August 26, 2004
Having followed your treatment of the political campaign these many months, I've concluded that the appalling and disgraceful prejudicial coverage requires a concrete action directed to The Federation. It's one thing for a public newspaper (The Los Angeles Times) to take a political position, but The Federation speaks for all Jews in the community and, therefore, it should be apolitical. Your latest articles and columns are so blatantly slanted there is not even an attempt at fairness. Therefore, I am writing to The Federation advising that I will no longer support its efforts financially. I do not want my contribution (modest though it may be) helping fund a propaganda sheet for Kerry.
Harry Finkel, Century City
The Journal strives for balance in its reporting and opinion (see this week's op-ed by Arnold Steinberg, for example). Whether you think we hit the mark or not, please don't blame The Jewish Federation. The Journal is not affiliated with or supported by The Jewish Federation. The Journal is an independent community newsweekly solely responsible for its editorial choices. We have no business or editorial interest in alienating Jews for Kerry, Jews for Bush or even Jews for Nader.
'Da Ali G Show'
Your article "Anti-Semitic Sing-A-Long" reports that the Anti Defamation League (ADL) received "hundreds" of complaints about the skit on "Da Ali G Show" in which the Jewish Sasha Baron Cohen, as the Kazakhstanian reporter Borat, got patrons of a Tucson bar to join him in a song, the chorus of which contained the words, "Throw the Jew down the well! ...You must grab him by his horns...."(Aug. 20).
My husband and I watch "Da Ali G Show" every week. Baron Cohen is brilliant in all three guises (Borat, Ali G and Bruno) and gets people to show their true selves. Would those who complained to the ADL prefer to think that anti-Semitism didn't exist in that Tucson bar that night? Did they think that Baron Cohen was inciting anti-Semitism? In fact, he was -- but to show that it lies just below the surface of our society. Wouldn't they rather see and hear what still exists in this country? At least then they will not become complacent thinking nothing bad could happen here. They should be grateful to all of Ali G's personae for exposing anti-Semitism as well as homophobia and bias against minorities and the disabled. When people are prejudiced against any one segment of our society, a good chance exists that they are prejudiced against many others.
Baron Cohen exposes this weekly. As he would say, "Check it!"
Judi Birnberg, Sherman Oaks
We Love Singles
My wife and I subscribe to The Journal. We are not on the Internet and I therefore made a special trip to the library about 10 miles from our home to send this e-mail. I really enjoy the singles articles because I think way back to when I was single in both Phoenix and then later in Van Nuys. The articles really make me smile and laugh. They are great.

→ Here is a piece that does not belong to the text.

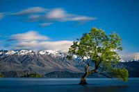The Lonely Tree of Wanaka - de beroemde eenzame boom in het water van het meer van Wanaka - in het Zuidereiland van Nieuw-Zeeland.

Here are some of my favorites:
"Test a Jew" by Mark Miller (July 30); "Un-Orthodox Date" by Marilyn Anderson (July 23); "A New Relationship" by Teresa Strasser (July 2); 4. "Pariah or Trendy" by Sandra Hurtes (June 25); 5. "What Men Want (to Say) by Mark Miller (June 18).
Thanks to all of you. It takes great articles like yours to cause me to stop and read them.
Armand J. Filer, Thousand Oaks
Doug Rushkoff is very naive in thinking that without Israel, anti-Semitism will actually go away ("Was Israel Created for Another Reason?" Aug. 20).
He forgets all atrocities committed against Jews all over the world, not just Europe. He discounts Islamic anti-Semitism as a by-product of the creation of Israel. Islamic anti-Semitism has been around as long as Islam has. Arab populations are oppressed because of their ignorance, illiteracy and ruthless regimes. With or without Israel, those regimes will find 1,001 excuses to oppress their people. As they have done in the past 14 centuries of Islamic existence, and often Jews have been the scapegoat. Anti-Semitism is a feeling with no reasoning behind it. It is passed down from generation to generation.
Solie Nosrat, Encino
One Tough Room
I found Bill Weiner's column on older adults hilarious and kind-hearted ("One Tough Room, " Aug. 13). I hope to see his oblique take on life in future issues.... I do miss Teresa Strasser, though. Perhaps Weiner will make me a regular reader again. What a find.
Ben Caswell, Los Angeles
Tom Tugend's article on Mel Levine contains a distortion of history by Ed Sanders that made my blood turn cold ("Mel Levine Takes Kerry Mideast Post," Aug. 20). Sanders stated that American preoccupation with Watergate was responsible for the Yom Kippur War. The truth is that Egypt and Syria had been meeting regularly since March 1973 to carefully plan an attack on Israel. While there was rattling of sabers over Watergate, the "hot button" issue of October l973 was the resignation of Spiro Agnew, which occurred during the Yom Kippur War.
The American people, in giving Nixon a massive, landslide victory in l972, saved Jews from their own naivete.